Forgotten Voices is something special.
To listen to the story of somebody’s life experiences is already a privilege. For that story to be written by that person’s grandson, moreso. But when that story is important, powerful, heartfelt, beautifully written and acted, it’s a whole other level.

Written by David Moorhouse, directed by Margaret Connell, and brought to Hope Mill Theatre as part of October’s Black History month, Forgotten Voices is a one woman show inspired by the life of Eva Moorhead Kadalie, the widow of South Africa’s first national black trade union leader, Clements Kadalie – known as the father of black trade unionism and the man who shook South Africa.
The play covers the turbulent years from 1919 to 1956 in South Africa including the 1919 Cape Town Harbour strike, the creation and of the Industrial and Commercial Union and its swift rise to prominence, the 1927 passing of the Native Administration Act (making it illegal to criticise the whites) and the subsequent court case and the role of the media in silencing the black voice.
It’s 1956 and Eva is on board the boat ready to take her away from South Africa, and over to England for a new life.
The next 70 minutes are a self-reflection of the last three decades as Eva contemplates her lives already lived, and where the next chapter should take her.
The voices are the people who have come and gone, those who remain, the memories and the moments (those buried a little deeper than others) which have made Eva the woman stood before us on deck.
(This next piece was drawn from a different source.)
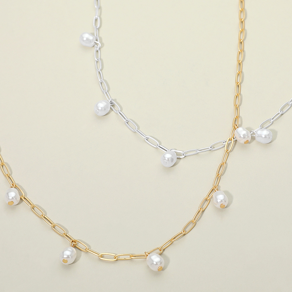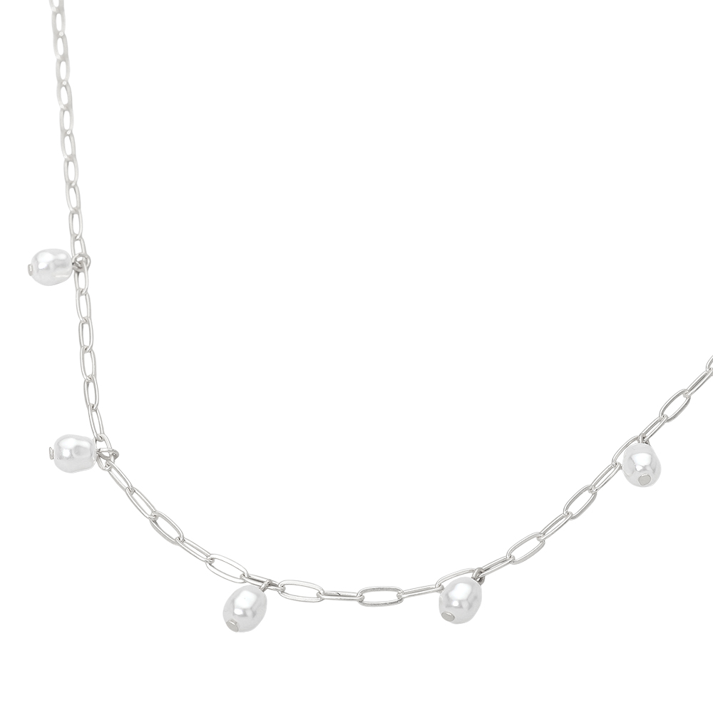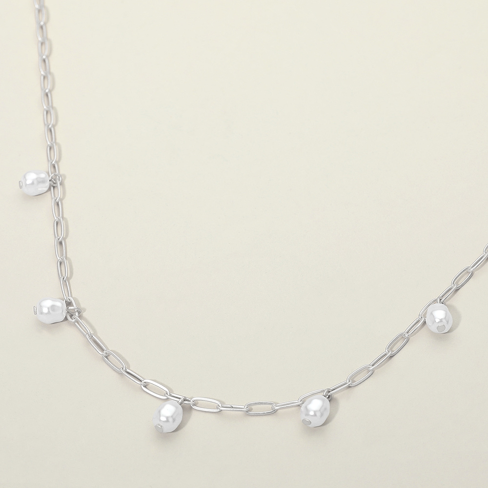 Details • Necklace Size : 16" + 3.25" L • Decor Size : 1" L • Delicate chain necklace featuring evenly spaced pearl bead accents for a clean, modern look. Designed to layer easily or wear alone, this understated style adds subtle movement and charm to everyday outfits. A versatile accessory ideal for boutiques seeking timeless, easy-to-style jewelry with broad customer appeal. • Lead and Nickel Compliant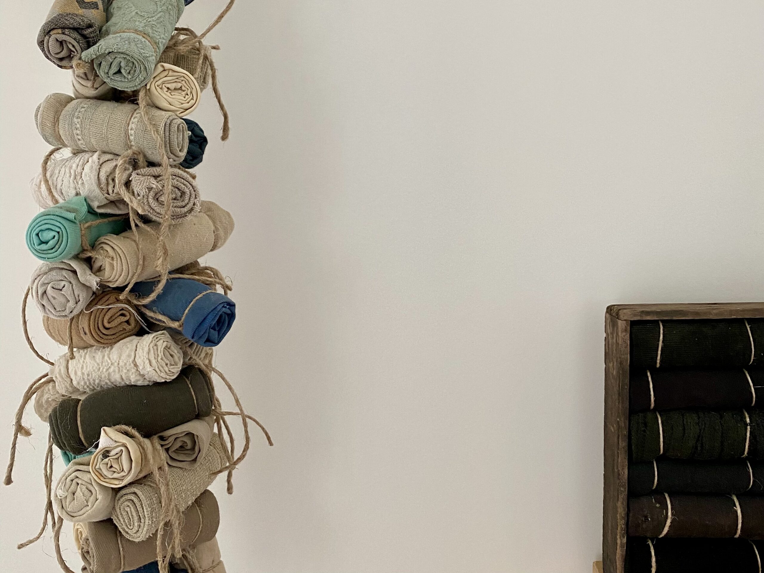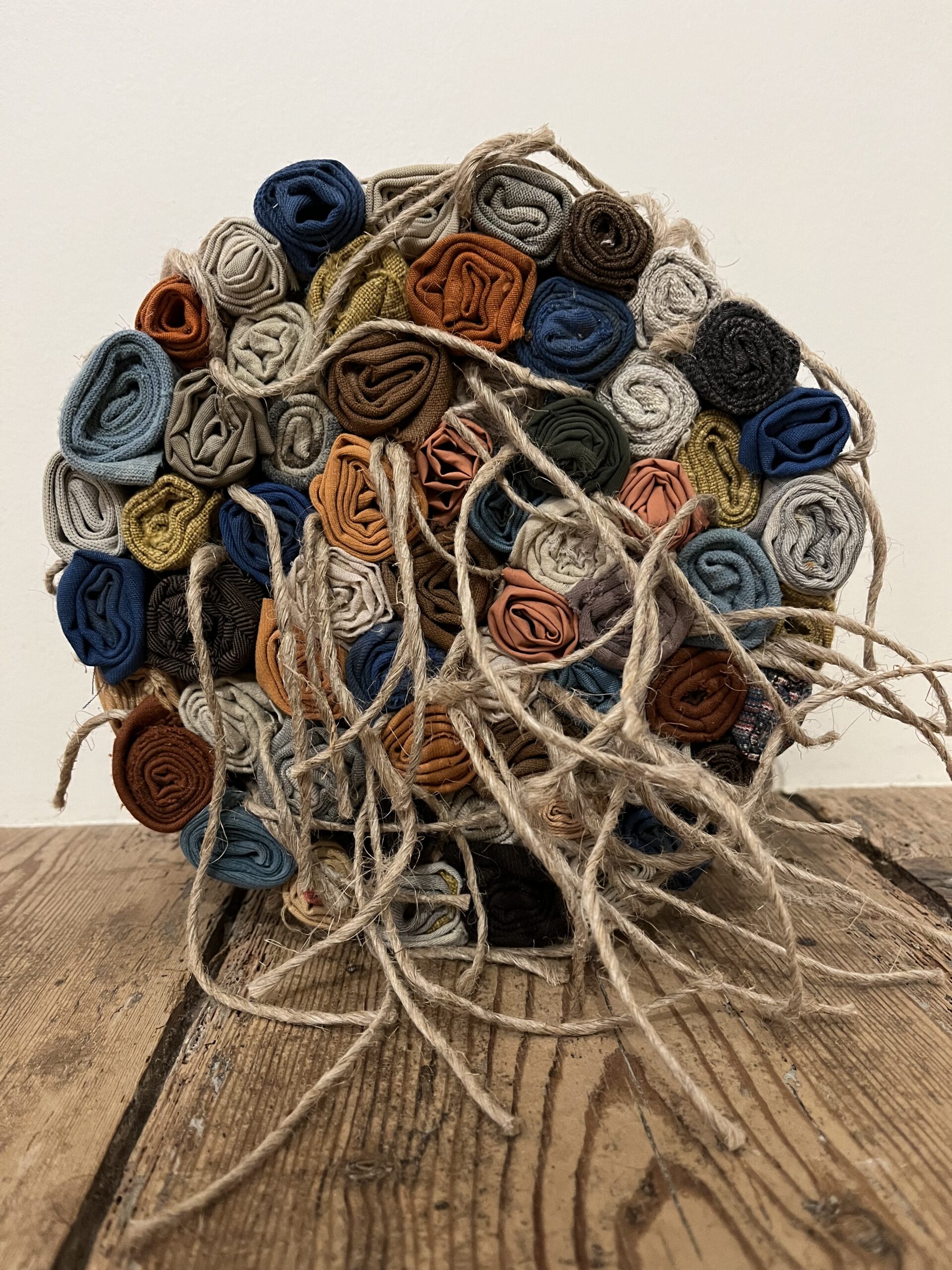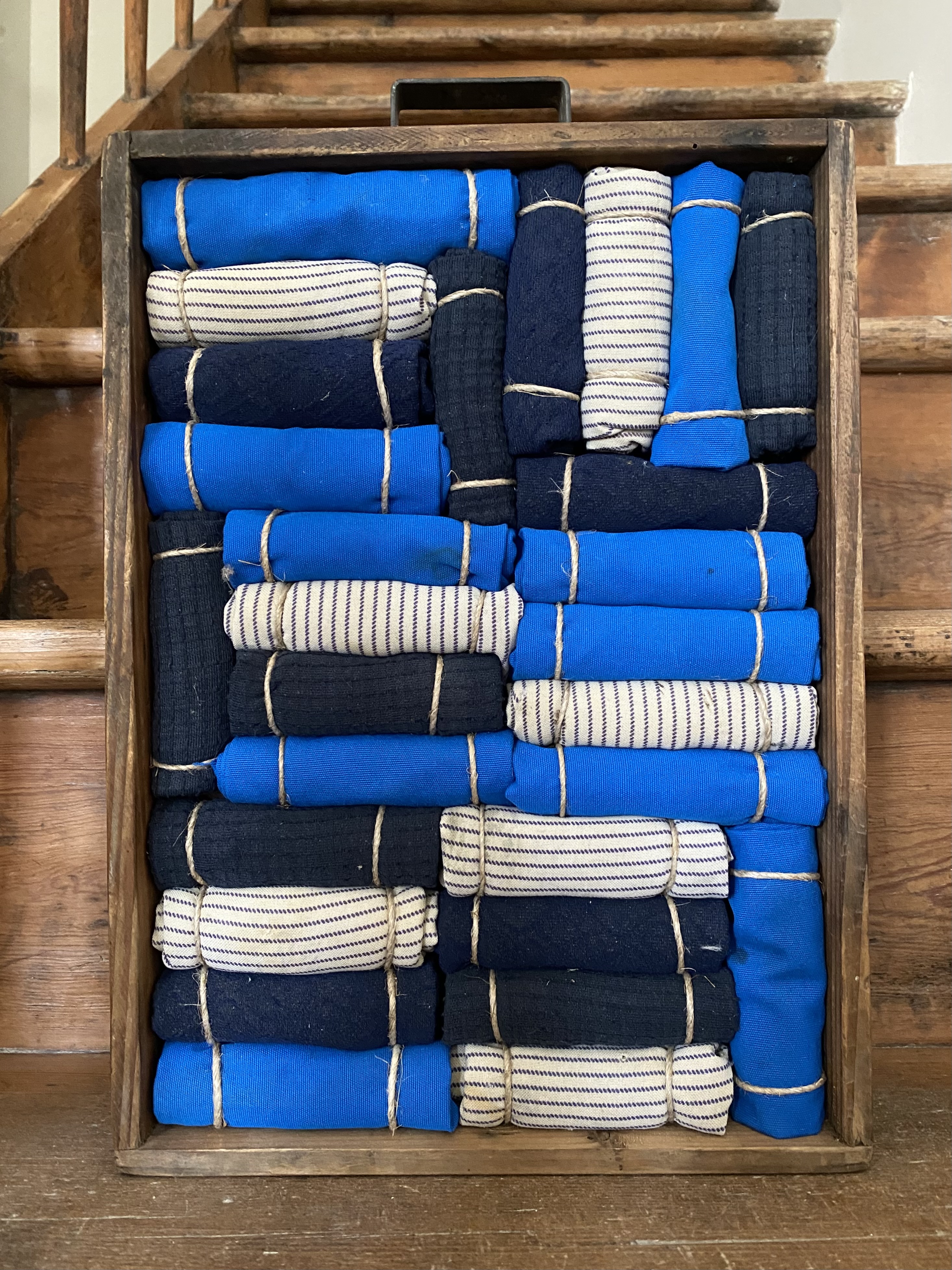 Ma collecte : des tissus échoués, chiffons abandonnés par la mer dans le sable, fragments de mémoire, vêtements élimés venus du large, vestiges d’un monde flottant.

Passionately played by Manchester actress, Shareesa Valentine, Eva takes us through three decades; her childhood as a mixed race girl growing up in South Africa, the challenges this brought to her and her brother, the abandoment by her white Father, the deep love and and even deeper losses shared with husband Clements Kadalie, along with the deep pride and passion they had in their fight for freedom.
Not to mention Barbara…

Sharing a stage with only a pile of suitcases, lifebelt and bench, Shareesa commanded the space as she delivered an impassioned and energetic monologue with a spirited and charismatic performance which left us laughing, smiling, sorrowful and at times deathly silent as she took us through the life of a woman who was more than the sum of her parts (as moving as each part individually was).
And as Shareesa lived out those parts and a final hidden voice revealed Eva’s fate (lost 1974) and final journey back to South Africa in 2010 as her ashes were taken to the grave of her late husband Clements (lost 1951), I felt in that short space of time, in that wonderful little theatre, that I had just witnessed an incredible life flashing before my eyes and a consequential sense of loss. The standing ovation (no mean feat in our huddled sell-out seated space), told me I wasn’t alone.
To read more about Forgotten Voices, visit https://hopemilltheatre.co.uk/events/forgotten-voices
More details can be found about Black History Month here.
I’ll leave with the speech that Eva she gave to workers when a factory went out on strike in 1947…
From the very beginning women have played an important part in the long struggle for freedom, right from the days of slavery where Negro women helped their men folk to break their chains of bondage. I would like to mention that most of these women were not of the intellectual class, but ordinary slaves.
I feel certain, that if I had space to do so, I would name hundreds of women doing similar work which we are doing in different parts of the world. The names of the those women are scarcely known outside of the communities in which they live and labour, but the value of their services they have rendered is greater than can ever be fully measured or known. We had hard problems, it is true, but instead of despairing in the face of difficulties we should, as a race, thank God that we have a problem.